Gdybym postawiła sobie za cel opisanie tego jak się teraz czuję, zajęłoby mi to pewnie kilka lat. Dlatego idąc na skróty pójdę, jak zwykle, w metaforę. Wyobraźcie sobie wnętrze wulkanu, do którego ktoś wrzuca warzywa, ludzi, planety, makulaturę. To ja w tej chwili. Bez ładu i składu. Robię dobrą minę do złej gry, bo nie mogę tak naprawdę nikomu powiedzieć jak strasznie się boję tego, w co się pakuję.
Dlatego też te wszystkie kłębiące się we mnie uczucia znajdują przedziwne ujścia.
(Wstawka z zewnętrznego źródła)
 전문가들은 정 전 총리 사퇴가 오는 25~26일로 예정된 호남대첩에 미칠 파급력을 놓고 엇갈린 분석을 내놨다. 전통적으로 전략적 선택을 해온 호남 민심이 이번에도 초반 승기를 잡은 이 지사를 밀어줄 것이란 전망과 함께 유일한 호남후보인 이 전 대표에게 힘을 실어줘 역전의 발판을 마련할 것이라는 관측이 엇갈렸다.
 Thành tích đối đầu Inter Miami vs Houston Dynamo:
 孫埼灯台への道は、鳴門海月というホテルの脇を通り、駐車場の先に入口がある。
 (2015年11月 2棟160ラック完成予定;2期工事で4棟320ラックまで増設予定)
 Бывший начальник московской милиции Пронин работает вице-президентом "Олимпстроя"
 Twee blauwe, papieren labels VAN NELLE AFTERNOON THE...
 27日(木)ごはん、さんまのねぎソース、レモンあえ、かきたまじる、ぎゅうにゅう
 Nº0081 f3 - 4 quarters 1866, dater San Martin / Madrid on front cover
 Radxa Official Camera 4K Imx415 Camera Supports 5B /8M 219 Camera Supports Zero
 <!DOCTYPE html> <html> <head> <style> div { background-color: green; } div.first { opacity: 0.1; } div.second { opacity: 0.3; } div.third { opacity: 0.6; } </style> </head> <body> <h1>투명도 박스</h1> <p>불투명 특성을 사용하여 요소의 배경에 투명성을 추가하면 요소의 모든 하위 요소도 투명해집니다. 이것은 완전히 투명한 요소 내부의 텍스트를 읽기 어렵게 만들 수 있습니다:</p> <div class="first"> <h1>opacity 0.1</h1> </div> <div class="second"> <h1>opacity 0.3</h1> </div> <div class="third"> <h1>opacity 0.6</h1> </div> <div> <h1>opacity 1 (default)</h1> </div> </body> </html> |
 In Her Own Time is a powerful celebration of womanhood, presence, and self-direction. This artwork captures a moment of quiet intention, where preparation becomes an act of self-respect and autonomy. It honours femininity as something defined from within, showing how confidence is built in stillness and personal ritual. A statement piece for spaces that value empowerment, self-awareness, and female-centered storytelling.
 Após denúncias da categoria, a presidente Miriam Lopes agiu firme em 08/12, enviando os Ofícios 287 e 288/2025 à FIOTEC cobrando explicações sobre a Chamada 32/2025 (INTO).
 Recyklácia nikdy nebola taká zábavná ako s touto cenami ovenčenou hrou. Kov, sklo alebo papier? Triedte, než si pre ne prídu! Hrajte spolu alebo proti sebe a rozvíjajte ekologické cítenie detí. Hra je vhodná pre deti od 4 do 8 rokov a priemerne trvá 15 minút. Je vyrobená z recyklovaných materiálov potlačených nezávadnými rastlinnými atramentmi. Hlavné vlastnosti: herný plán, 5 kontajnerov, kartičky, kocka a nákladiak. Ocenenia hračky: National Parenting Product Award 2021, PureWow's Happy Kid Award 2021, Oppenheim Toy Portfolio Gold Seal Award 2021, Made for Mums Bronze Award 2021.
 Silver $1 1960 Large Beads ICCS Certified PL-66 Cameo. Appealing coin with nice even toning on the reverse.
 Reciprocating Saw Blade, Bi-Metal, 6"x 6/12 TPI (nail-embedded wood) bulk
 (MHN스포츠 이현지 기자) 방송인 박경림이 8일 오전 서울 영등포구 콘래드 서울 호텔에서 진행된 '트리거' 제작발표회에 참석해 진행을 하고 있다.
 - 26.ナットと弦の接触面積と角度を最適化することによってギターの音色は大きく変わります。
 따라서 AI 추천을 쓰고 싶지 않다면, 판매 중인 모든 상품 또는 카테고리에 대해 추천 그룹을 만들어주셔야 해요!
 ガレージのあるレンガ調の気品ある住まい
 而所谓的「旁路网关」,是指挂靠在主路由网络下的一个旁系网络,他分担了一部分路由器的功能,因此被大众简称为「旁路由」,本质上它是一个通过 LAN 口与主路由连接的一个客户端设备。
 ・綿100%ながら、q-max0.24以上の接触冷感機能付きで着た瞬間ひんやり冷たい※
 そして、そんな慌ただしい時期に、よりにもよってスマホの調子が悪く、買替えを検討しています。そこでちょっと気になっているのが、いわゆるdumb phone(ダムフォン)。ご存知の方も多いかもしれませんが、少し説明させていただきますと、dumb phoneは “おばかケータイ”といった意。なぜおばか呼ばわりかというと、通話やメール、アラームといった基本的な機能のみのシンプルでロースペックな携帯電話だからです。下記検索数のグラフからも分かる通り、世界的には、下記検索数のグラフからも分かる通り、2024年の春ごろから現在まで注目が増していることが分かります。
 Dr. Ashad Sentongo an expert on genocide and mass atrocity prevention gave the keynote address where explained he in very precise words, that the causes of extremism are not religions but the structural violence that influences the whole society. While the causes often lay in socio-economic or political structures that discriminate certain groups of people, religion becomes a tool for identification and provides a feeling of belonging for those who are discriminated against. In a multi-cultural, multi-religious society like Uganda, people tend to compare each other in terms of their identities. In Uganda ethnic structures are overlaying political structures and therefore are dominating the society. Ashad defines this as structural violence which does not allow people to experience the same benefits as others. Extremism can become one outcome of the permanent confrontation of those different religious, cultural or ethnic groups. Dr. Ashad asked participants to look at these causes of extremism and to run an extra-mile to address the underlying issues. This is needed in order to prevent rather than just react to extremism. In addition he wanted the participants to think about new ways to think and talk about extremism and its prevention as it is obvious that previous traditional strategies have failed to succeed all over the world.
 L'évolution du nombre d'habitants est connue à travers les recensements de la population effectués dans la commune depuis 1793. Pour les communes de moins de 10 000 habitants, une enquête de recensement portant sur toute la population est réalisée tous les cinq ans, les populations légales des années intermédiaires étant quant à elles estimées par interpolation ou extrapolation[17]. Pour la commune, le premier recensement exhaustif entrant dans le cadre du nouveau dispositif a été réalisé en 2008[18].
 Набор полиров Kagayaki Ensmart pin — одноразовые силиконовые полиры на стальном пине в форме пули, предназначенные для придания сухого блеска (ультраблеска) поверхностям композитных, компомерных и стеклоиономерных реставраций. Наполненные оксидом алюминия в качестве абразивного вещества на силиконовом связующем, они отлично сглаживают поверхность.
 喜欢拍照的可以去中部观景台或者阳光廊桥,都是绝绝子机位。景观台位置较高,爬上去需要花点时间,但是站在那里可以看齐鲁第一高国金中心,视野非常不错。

Dzisiaj na przykład zapłakałam się niemal na śmierć podczas oglądania dokumentu o królewskim dziecku dotkniętym autyzmem i epilepsją.

....

Widziałam Wenus w futrze i film nie zrobił na mnie wrażenia. E. Seigner, owszem. Film - nie.


W Rio pada. Poważnie zastanawiam się nad spakowaniem kaloszy.

Moja psycho twierdzi, że emocje czynią nas bardziej ludzkimi. Nie jechała nigdy na studia do Brazylii i nie wie co wygaduje. 

środa, 11 grudnia 2013

Nie wszystko, albo raczej...nic nie jest proste. Tak jak mój wyjazd i moja decyzja. Właściwie to szereg mniejszych decyzji i mniejszych rozstań, które teraz mają miejsce. Chcę i nie chcę. Boję się i mam ochotę. Przeraża mnie, ale nie wiem, póki nie zrobię pierwszego kroku. Wróciły do mnie mdłości, te Sartre'owego kalibru, blokujące dopływ myślenia do mózgu.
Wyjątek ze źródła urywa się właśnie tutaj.